= Still Movement with Hymn =

Still Movement with Hymn is a composition for piano quartet by the American composer Aaron Jay Kernis. It was composed in 1993 and was given its world premiere at Princeton University on November 11, 1993. It is dedicated to the memory of the composer Stephen Albert, who died unexpectedly in 1992. The piece was a finalist for the 1994 Pulitzer Prize for Music.

==Composition==
Still Movement with Hymn has a duration of roughly 25 minutes and is composed in a single slow movement divided into three sections. Kernis described the composition in the score program note, writing:
During the year or two preceding its creation, I composed three serious and intense works, all of which nourished and influenced the present work: Hymn for solo accordion, Aria-Lament for solo violin, and the English horn concerto Colored Field. I would call all of this music mournful, tragic, and elegiac. These pieces are also unified by the influence of medieval and Jewish music and their use of long, unbroken melodies. Much of the emotional tenor of these works stems from reaction, albeit at a distance, to the genocide in Bosnia and Croatia along with the disbelief and loss of innocence that comes from learning that the world that most of us believe we live in, one that's rational, compassionate, and forgiving, seems so banal and fragile in light of the force of ethnic hatred and brutality.

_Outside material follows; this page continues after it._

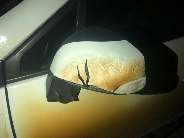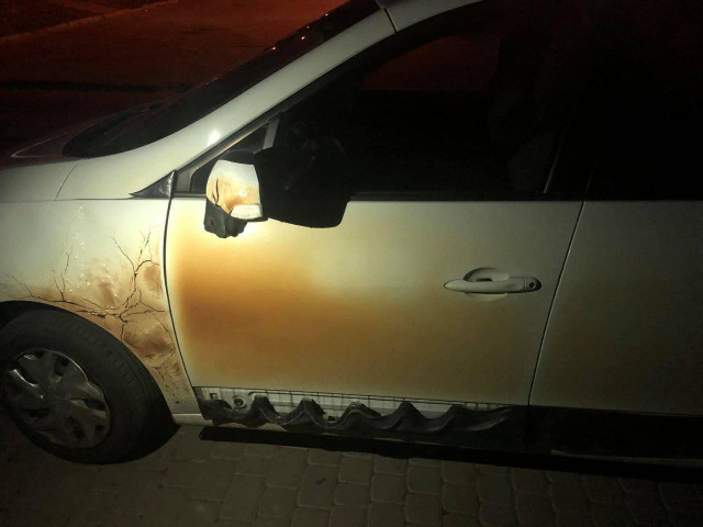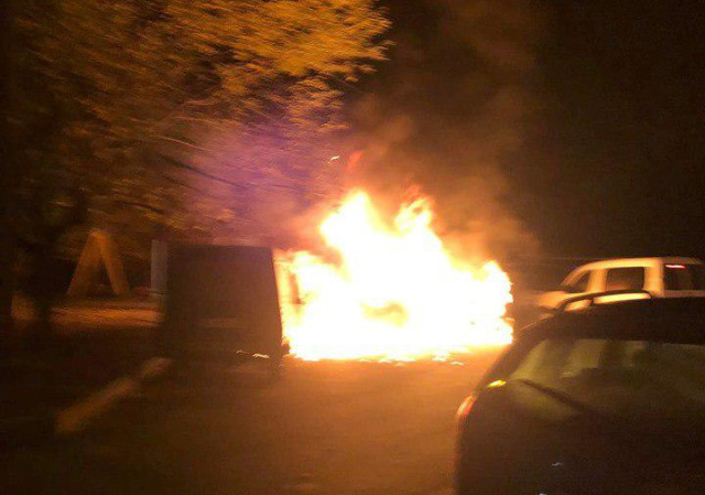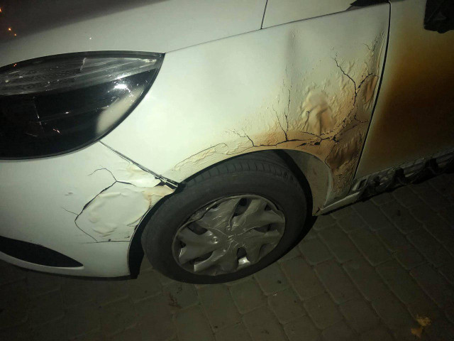Підпалили Тігуан а показуєте на фото сценік, який стояв ПОРЯД і постраждав коли горів тігуан....
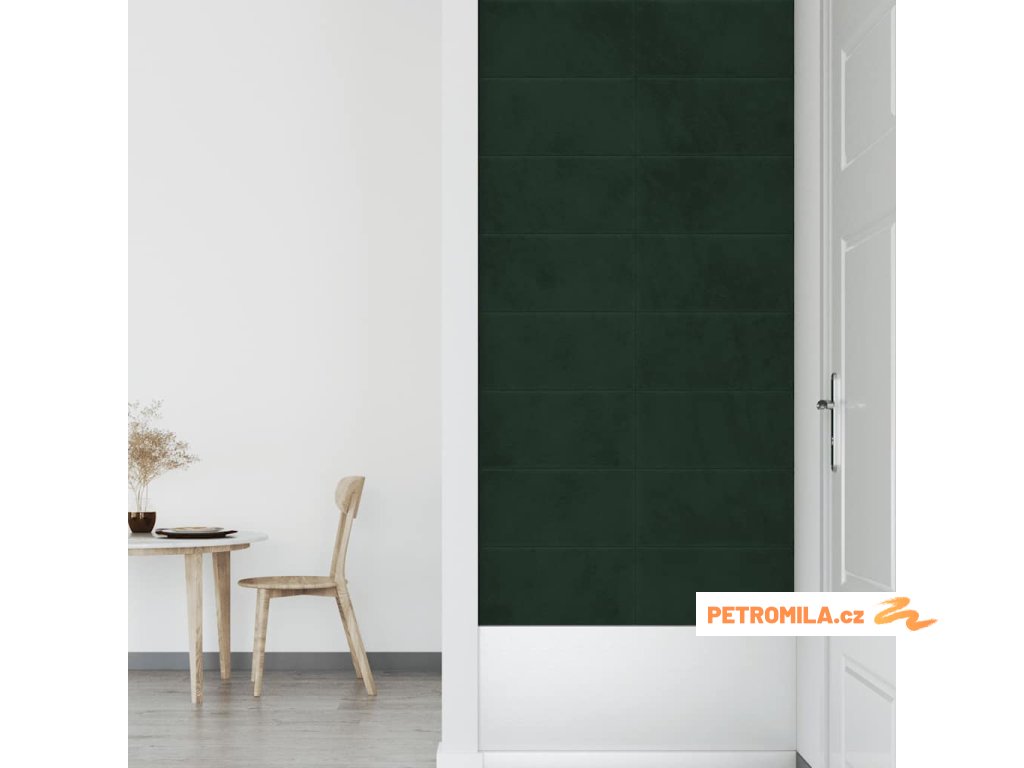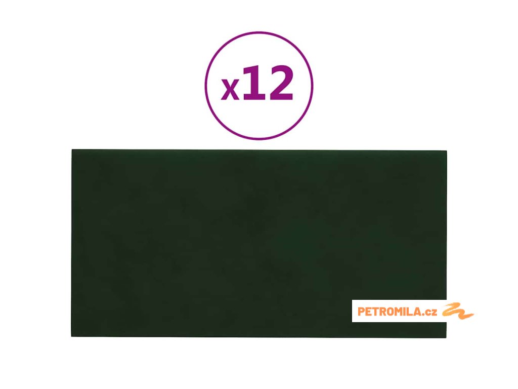 Nástěnné panely 12 ks tmavě zelené 60 x 30 cm samet 2,16 m²

This music is in no way programmatic, but it does at times suggest a Judeo-Christian prayer for the dead, a hymn and Kaddish that also embodies hope for the living.

===Instrumentation===
The work is scored for a piano quartet consisting of violin, viola, cello, and piano.

==Reception==
Reviewing a recording of the work, the music critic Joshua Kosman of the San Francisco Chronicle called it "a potent elegy for piano and strings" and wrote, "The score itself, with its anguished climaxes and interludes of serene mourning, is exquisite."